Study Seeks to Improve Treatment After Stroke
Library: MED
Keywords: STROKE TREATMENT NEUROLOGY NEUROSURGERY CAROTID ARTERY BLOCKAGE MIDWEST
Description: Researchers at the University of Illinois Medical Center at Chicago and Rush-Presbyterian-St. Luke's Medical Center will try to determine the most effective treatment for patients who recently have had either a stroke or a transient ischemic attack due to a complete blockage of one of their carotid arteries.



Nan Hoffman
E-Mail: nanhoff@uic.edu
Phone: (312) 355-2954

Study Seeks to Improve Treatment After Stroke

Researchers at the University of Illinois Medical Center at Chicago and Rush-Presbyterian-St. Luke's Medical Center hope to determine the most effective treatment for patients who have recently had either a stroke or a transient ischemic attack (a brief interruption of blood supply to part of the brain) due to a complete blockage of one of their carotid arteries.

"We're hoping to become better informed about the best way to go about treating these conditions, which can have such devastating consequences," said Dr. Fady Charbel, professor and interim head of neurosurgery at the UIC College of Medicine. Charbel, the principal investigator on the study for the Central Midwest, will work with Dr. Sean Ruland, a neurologist at Rush.

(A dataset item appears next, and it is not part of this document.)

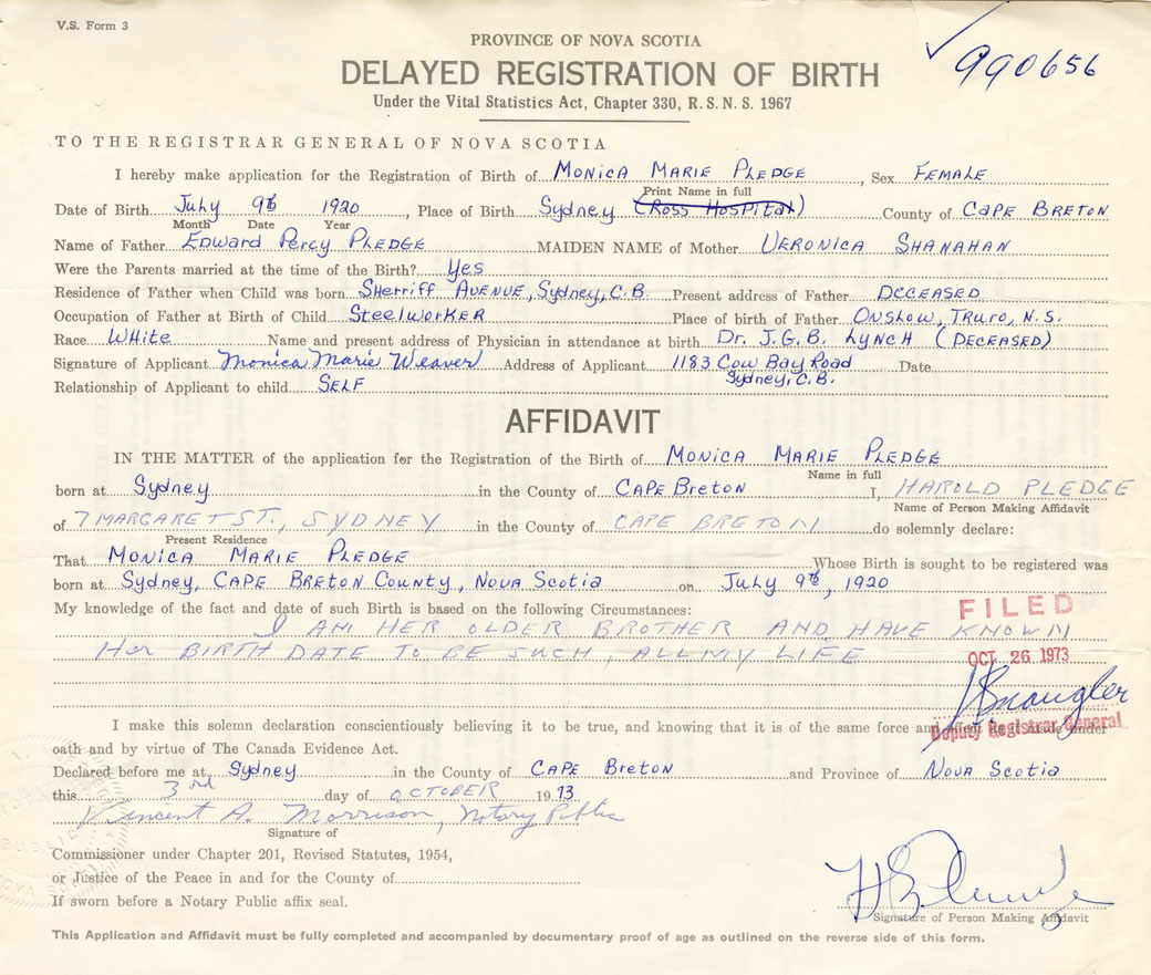 Date of Birth July 9, 1920 Place of Birth SydneyCounty of Cape Breton

A stroke occurs when a blood clot blocks a blood vessel or artery, or when a blood vessel breaks, interrupting blood and oxygen flow to an area of the brain. When this occurs, brain cells in the immediate area die creating a condition that may lead to reversible or irreversible paralysis. Depending on the area of the brain that is damaged, a stroke can also cause coma, speech problems and dementia.

Transient ischemic attack (TIA) symptoms, which usually occur suddenly, are similar to those of a stroke but do not last as long, and full recovery usually takes place within 24 hours.

Patients eligible for the study include those who have had either smaller strokes or TIAs due to a complete blockage in one of their carotid arteries. The researchers will use a special oxygen isotope in conjunction with a positron emission tomography, or PET scan, to determine if the patient is eligible for the study.

Ruland said previous studies using the isotope with PET scans have shown that people who have low detectable levels of the isotope have higher rates of stroke than those with higher levels. When the PET scans detect a small amount of the isotope, the patient is a good candidate for the study.

Patients will be randomly assigned to receive either medical management or surgery. Those patients randomized for surgery will receive care from Charbel, who will remove a portion of the superficial temporal artery and graft it onto the blocked artery, thus redirecting the blood flow around the blockage.

Patients will then be followed-up every three months for at least two years to monitor their condition.

Approximately 730,000 people experience first-ever or recurrent strokes each year in the United States. Ten to 15 percent of these patients have blockages in one of their carotid arteries.

Currently, patients who suffer strokes associated with severe narrowing by cholesterol plaque in this area either undergo surgery to remove the plaque or are treated with platelet inhibitory drugs.

For those patients with complete blockages, the treatment is less certain, and they are commonly treated with medication as the plaque cannot be removed safely at this point. If symptoms persist despite medication, bypass surgery is sometimes considered as a last resort.

Surgery requires that the artery in the temple be redirected so that it funnels more blood to the area of the brain affected by the stroke.

For more information about the study, contact Kate Walsh at 1-800-597-5970.

The study is funded by the National Institutes of Health and will take approximately five years to complete.